Exercise input:
▼

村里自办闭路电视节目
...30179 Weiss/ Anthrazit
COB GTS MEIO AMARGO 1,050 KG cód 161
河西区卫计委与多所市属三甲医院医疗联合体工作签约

▲
▼

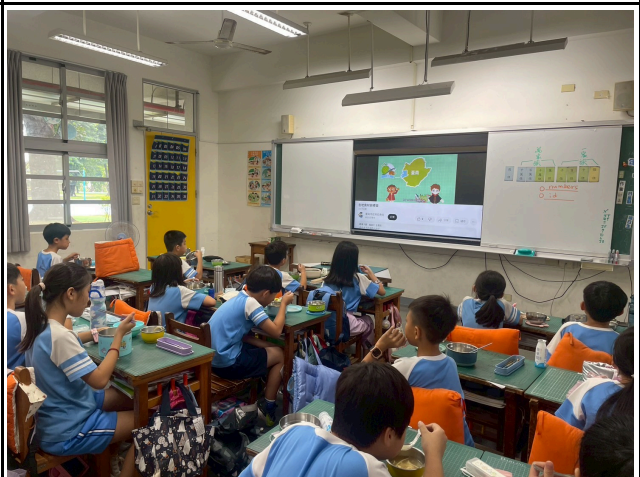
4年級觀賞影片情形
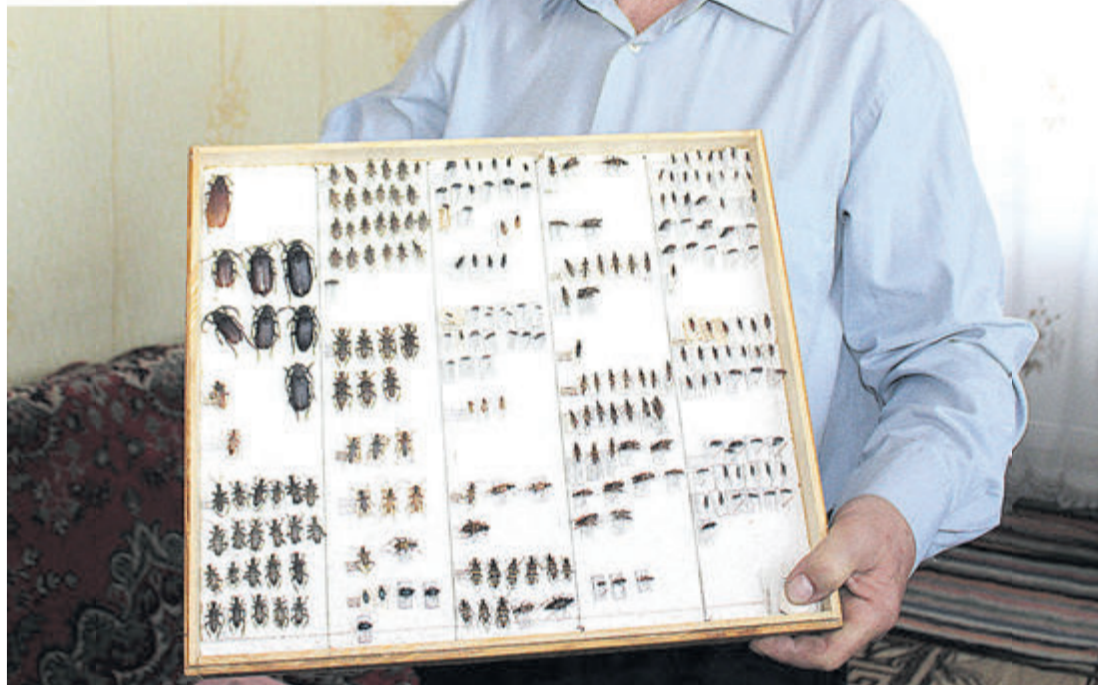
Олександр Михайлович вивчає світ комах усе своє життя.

▲
▼

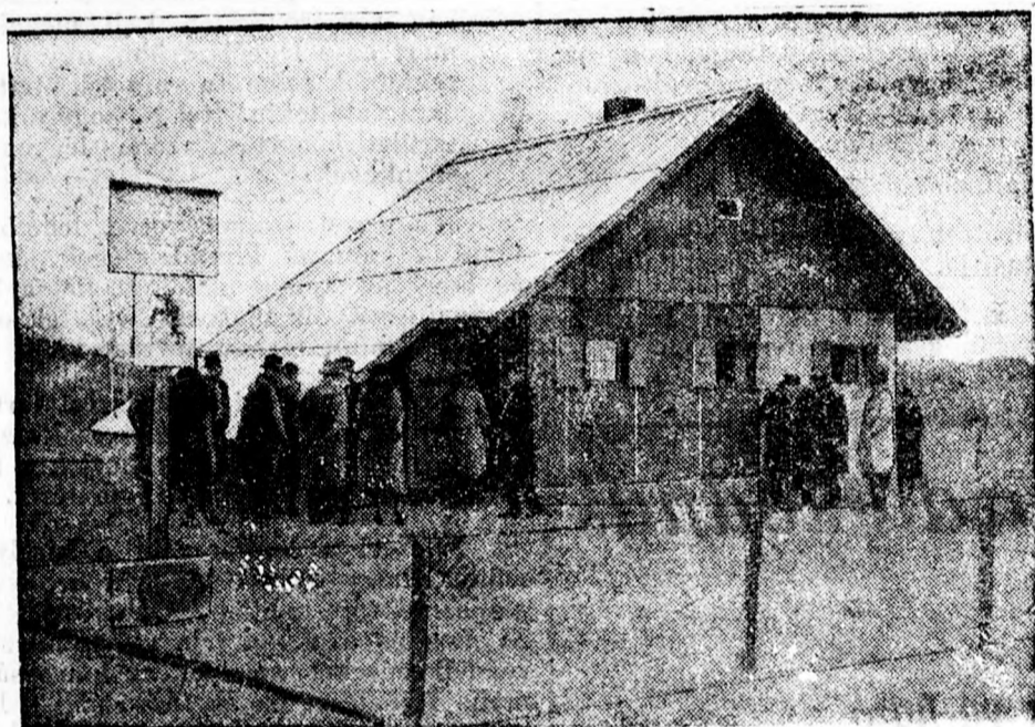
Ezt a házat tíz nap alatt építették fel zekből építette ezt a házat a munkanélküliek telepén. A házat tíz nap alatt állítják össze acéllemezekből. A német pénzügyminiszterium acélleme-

▲

Problem:
Above is a listing; print exactly its lines from the one with "COB GTS MEIO AMARGO 1,050 KG cód 161" through the one with "河西区卫计委与多所市属三甲医院医疗联合体工作签约", and no other lines.

Output:
COB GTS MEIO AMARGO 1,050 KG cód 161
河西区卫计委与多所市属三甲医院医疗联合体工作签约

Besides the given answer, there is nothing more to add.